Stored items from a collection
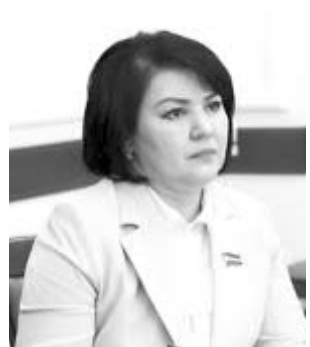
Зухра ШАДИЕВА, Олий Мажлис Қонунчилик палатаси депутати, Ўзбекистон ХДП фракцияси аъзоси:

Ҳар бир киритилаётган ўзгартиришлар пишиқ-пухта, ҳар томонлама ўйланган ва эътироф этилган халқаро демократик меъёрлар талабларига жавоб берадиган қилиб ишлаб чиқиши лозим. Зеро, бугунги жараённинг муваффақиятли кечishi нафақат халқимиз ҳаётидаги улкан сиёсий, ижтимоий-ҳуқуқий ҳодиса, балки халқаро аҳамиятга молик катта воқеалиқдир. Конституцияга ўзгартиришлар киритилиши халқимиз руҳини янада кўтариб, келажакка бўлган ишончини мустаҳкамлайди, деб ўйлайман.
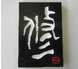
オンリーワンの作品♪
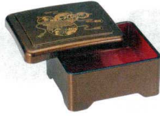
③ (福)光月井重 梨地 ひょうたん [RDNJ-06] W 画 6 13-1082-0301 ¥1,980 サイズ:167×143×H80 内寸:143×119×H46 材質:ABS樹脂
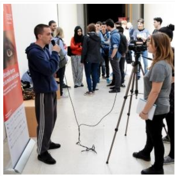
Libera la parola», il contest sui diritti umani per le scuole ... - emmaonline.it

Il Festival dei Diritti Umani, Fnsi e Miur propongono il concorso 'Libera la parola' aperto a tutti gli studenti delle scuole superiori.
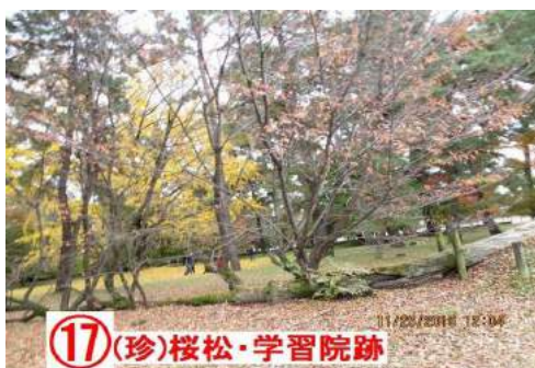
(17) (珍) 桜松・学習院跡
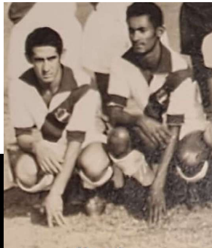
GARRINCHA e Durvalino. Estádio João Rebello. Foto: 1970
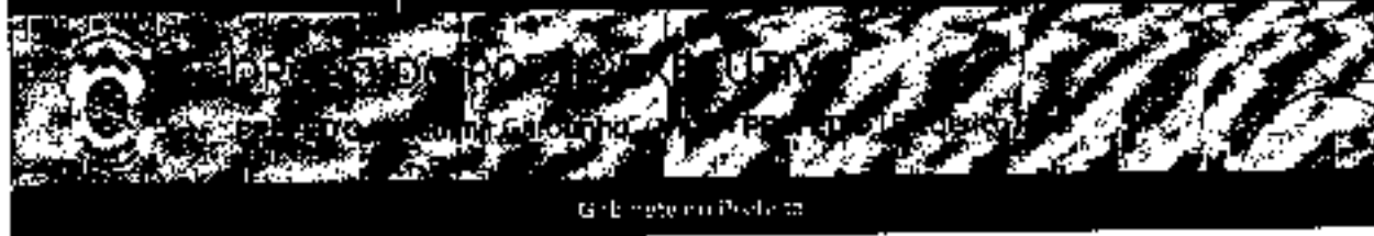
Gratuito em Destaque

DECRETO Nº 317, DE 14 DE OUTUBRO DE 2021 - S.E. 00424
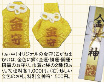
(左・中)オリジナルの金守(こがねまもり)は、金色に輝く金運・勝運・開運・招福のお守り。巾着と袋の2種類あり。初穂料各1,000円。(右)珍しい金色のお札。特別金神符1,500円。
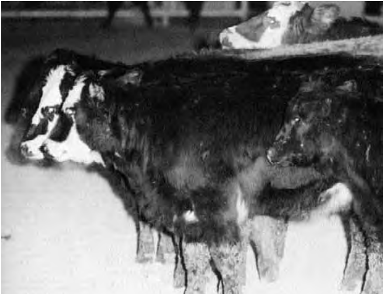
Aprender a diferenciar el ganado es más simple cuando son de muchos colores, pero cuando son similares, busque una característica única (remolinos del pelo o manchas de estiércol).
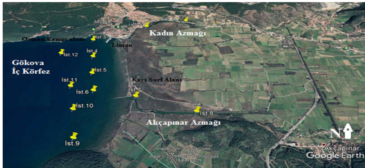
Şekil 1. Çalışma alanı ve istasyonlar
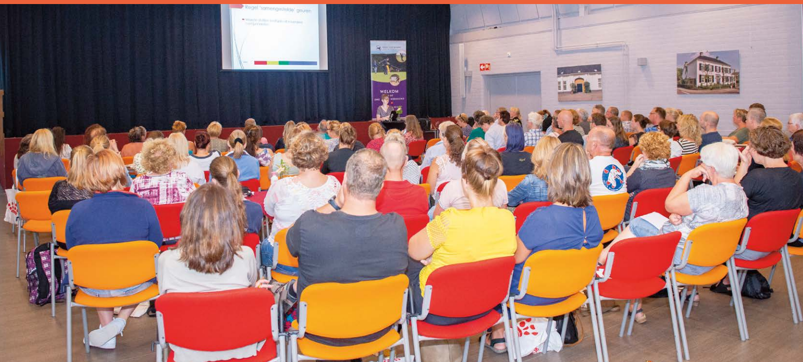
De Dag van de Werkhond trok maar liefst 125 deelnemers
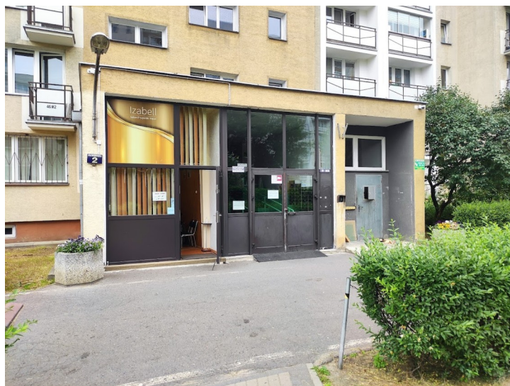
Zdjęcie 2: Fryzjer znajdujący się w jednej z zaadaptowanych przestrzeni na moim osiedlu

Moje osiedle wywołuje we mnie skojarzenia z ideą Formy Otwartej Oskara Hansena. Forma otwarta zakłada takie projektowanie budynków i przestrzeni, które będzie pozwalało na zmienianie go w zależności od tego na jakie użytkowanie będzie zapotrzebowanie w danym czasie. Podobnie dzieje się na moim osiedlu – dzięki dużym przestrzeniom między blokami jest miejsce aby powstawały place zabaw, siłownie plenerowe czy boiska. Ciekawym zjawiskiem jest również powstawanie małych sklepów i punktów usługowych w zaadaptowanych przestrzeniach będących częścią wejść do bloków.
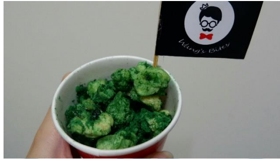
Gambar 1.3 PotaCorn Seaweed

PotaCorn Cheese adalah kentang yang dipotong dadu dan digoreng menggunakan bahan bahan terpilih dan diberi perisa keju.
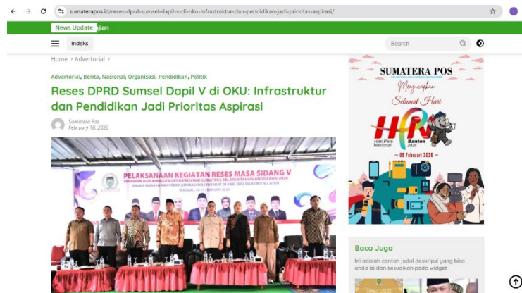
Gambar 4. Media Online Lokal Sumatera Pos
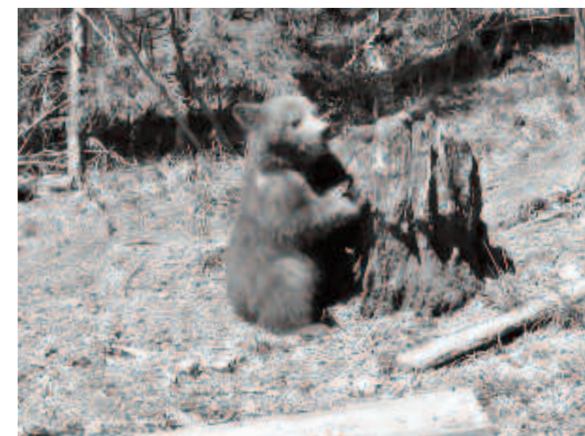
Oamenii de la sate puneau schimbarea vremii pe seama schimbării comportamentului ursului, numit în popor Al Mare sau Martin

din Frigia (Asia Mică). Încă de tânăr va săvârși două minuni: a oprit invazia lăcustelor asupra locurilor natale; a izgonit demonii arătați în chip de câine negru cu ochii de foc, din trupul ficei împăratului roman Gordion. Și-a săvârșit pașii în cărările Domnului, la 250, în vremea împăratului Decius, aprigul prigonitor al creștinilor, „pe ger și omăt greu”.
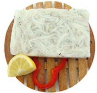
Chanquete 5/7, Pez Platino 205 00136
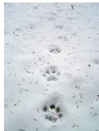
Risova sled prek Snežniške planote. S pomočjo sledenja v snegu se lahko veliko naučimo o vedenju divjadi.

kar nalašč izbira pot prek razčlenjenega, skalnatega sveta. Kot bi hotel do zadnjega izkoristiti svojo gibčnost, ki mu jo je podarila narava.
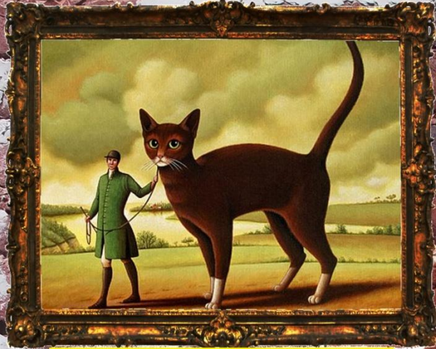
katten gigantisch waren ?
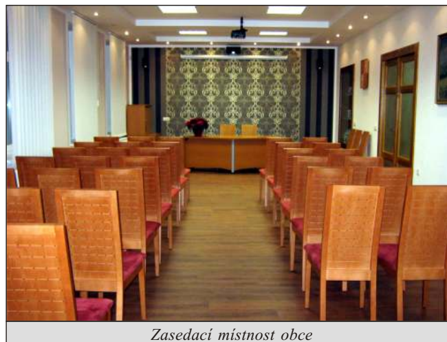
Zasedací místnost obce
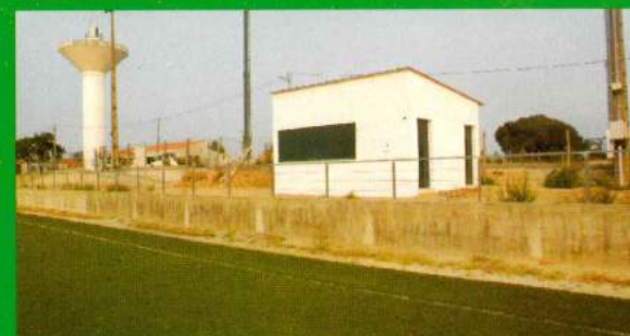
Construção do Bar - Campo Atlético da Ajuda Santana do Mato
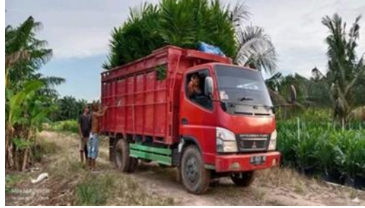
Gambar 4: pendistribusian bibit keluar kota
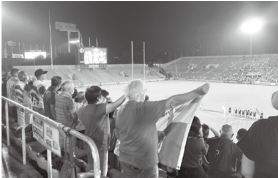
コロナ禍で無観客が続いていた国際試合でしたが、客席にファンが戻りアイルランドを応援する大旗も

前回に続き女子ラグビーのおはなしを…。まさに真夏の夜の夢のような時間でした。8月27日にラグビーの聖地、東京・秩父宮ラグビー場で行われた女子ラグビーの日本対アイルランドで、日本が7度目の挑戦にして、初めて格上の強豪アイルランドに勝利!見守った4569人の観客がピッチの上の選手に心を重ね、歓喜で魂
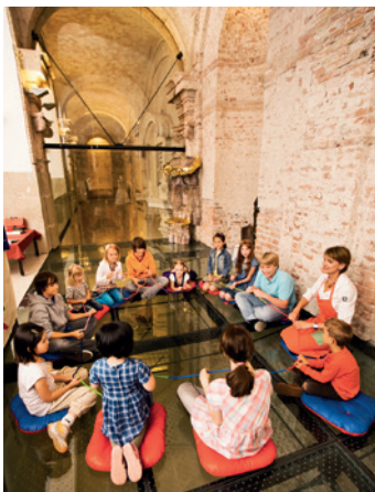
Im Stiftsatelier Klosterneuburg ist Platz für Spiel, Kunst und Gemeinschaft.

Die KünstlerInnen, die international ausstellen und viel herumkommen, bringen ihre Erfahrungen ins Kloster mit, und sie tragen das, was sie bei ihren Recherchen in Admont erleben, in die Welt hinaus. Manche wohnen eine Woche im Stift, andere treffen sich mit den Mönchen zum Gespräch, bleiben zum Essen, schauen sich um, fotografieren, machen Skizzen, schreiben. „Es gibt keine Vorgaben“, so Braunsteiner. Die so entstandenen Kunstwerke verleihen der umfangreichen Sammlung des Stiftes ihren unverwechselbaren Charakter – mit Ansehen weit über die Landesgrenzen hinaus. *
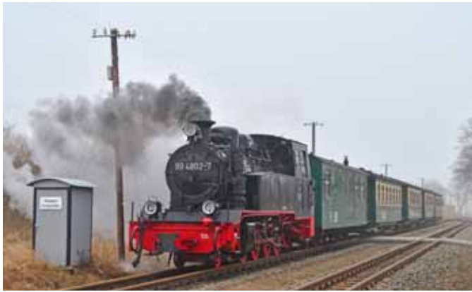
Winterdampf bei der RüBB. (Seite 4)
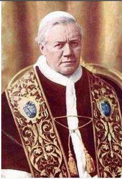
Obr. 1. Internet – Pius X.
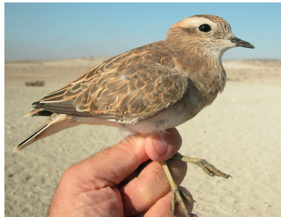
Chorlito carambolo. Otoño. Adulto en eclipse (07-X).
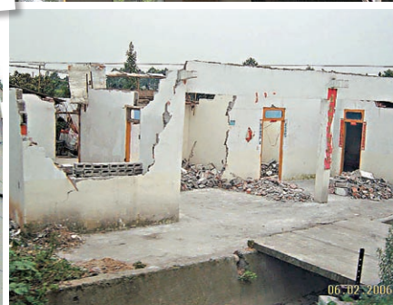
四川地震後，災區部份學校變成危樓。

小扁擔十二月初探訪四川彭州小魚洞鎮，和其他災區一樣，大部分災民仍然擠在臨時板屋，尤其是未有志願者資源投入的鄉村，生活條件令人擔心，實在需要更多有心人投入醫療保健和社區建設。
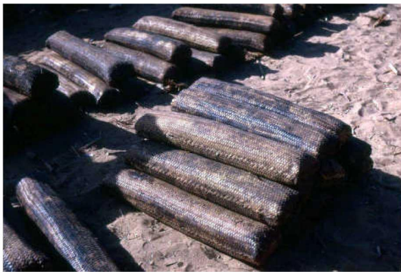
图七 尼日尔 Dallol Fogha 的小苏打饼包装
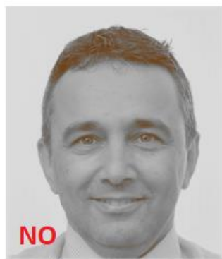
Bianco e Nero
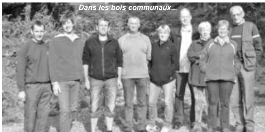
Dans les bois communaux...
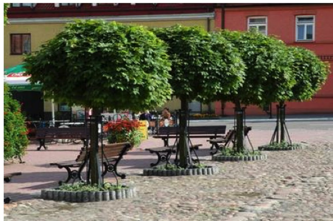
Klon pospolity 'Globosum' (Acer platanoides 'Globosum')
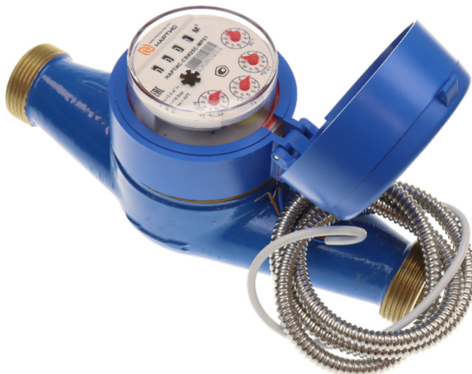
Рисунок 1 – Внешний вид счетчика НАРТИС-СВИ

2.4.1 Счетчик состоит из корпуса с резьбовым присоединением (проточной части), крыльчатки и счетного устройства с индикатором, соединенных между собой пластмассовой крышкой. Общий вид счетчика представлен на рисунке 1.
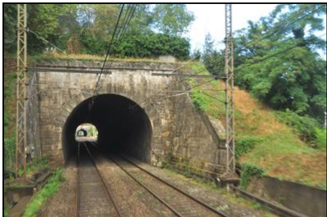
A l'arrière-plan, la galerie de Lormont 4
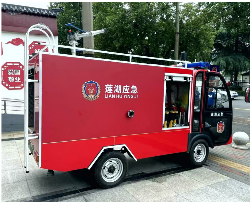
该区为街道配备城市综合应急救援车辆

道配备集指挥、监控、救援于一体的城市应急综合救援车辆，除用于日常开展巡查、宣传外，在急时助力灾害事故指挥救援，并与社区紧急救援站优势互补，有效构建集物资储备、安全巡查、教育培训、应急救援于一体的工作网络。
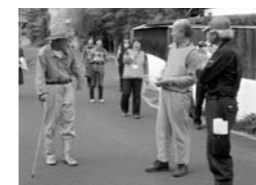
(木津 市坂地域での様子)

参加者からは「またこんな講座をしてほしい」「これからは声掛けできるかな」との感想が聞かれました。
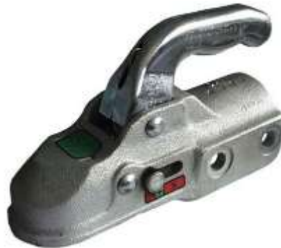
Рис. 8 Сцепная головка прицепа

Элементы сцепных головок прицепов отечественного производства так же, как и элементы ШТСУ, стандартизованы, что дает возможность с одним типом сцепного устройства автомобиля использовать прицепы различных производителей.
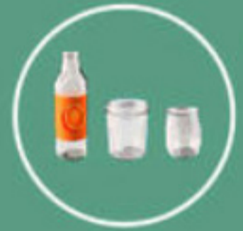
Refroidissement de l'emballage
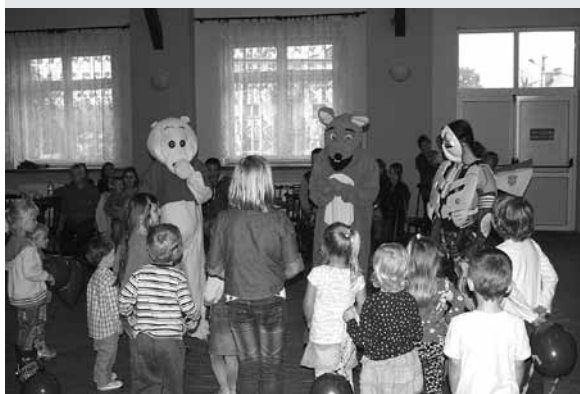
Dzień Pieczonego Ziemniaka.

Podczas zajęć, przechodząc od tego prostego patriotyzmu do coraz szerszego związanego z obrzędami, zwyczajami, symboliką narodową – uświadamiamy dzieciom kim jesteśmy, skąd się wywodzimy, jaka jest nasza przeszłość, uczymy je bycia Polakiem, miłości do kraju ojczystego oraz wzmacniamy więzi rodzinne. Założenia tego planu ściśle wiążą się z koncepcją pracy przedszkola, która ma za zadanie kształtowanie poczucia przynależności narodowej poprzez poznanie legend, tradycji i obyczajów ludowych.

Exercise directions: What's needed is an exact copy of the lines above from the one with "Şekil 1. Çalışma alanı ve istasyonlar" through the one with "PotaCorn Cheese adalah", both included; the pictures stay out.

Your response:
Şekil 1. Çalışma alanı ve istasyonlar
De Dag van de Werkhond trok maar liefst 125 deelnemers
Zdjęcie 2: Fryzjer znajdujący się w jednej z zaadaptowanych przestrzeni na moim osiedlu

Moje osiedle wywołuje we mnie skojarzenia z ideą Formy Otwartej Oskara Hansena. Forma otwarta zakłada takie projektowanie budynków i przestrzeni, które będzie pozwalało na zmienianie go w zależności od tego na jakie użytkowanie będzie zapotrzebowanie w danym czasie. Podobnie dzieje się na moim osiedlu – dzięki dużym przestrzeniom między blokami jest miejsce aby powstawały place zabaw, siłownie plenerowe czy boiska. Ciekawym zjawiskiem jest również powstawanie małych sklepów i punktów usługowych w zaadaptowanych przestrzeniach będących częścią wejść do bloków.
Gambar 1.3 PotaCorn Seaweed

PotaCorn Cheese adalah kentang yang dipotong dadu dan digoreng menggunakan bahan bahan terpilih dan diberi perisa keju.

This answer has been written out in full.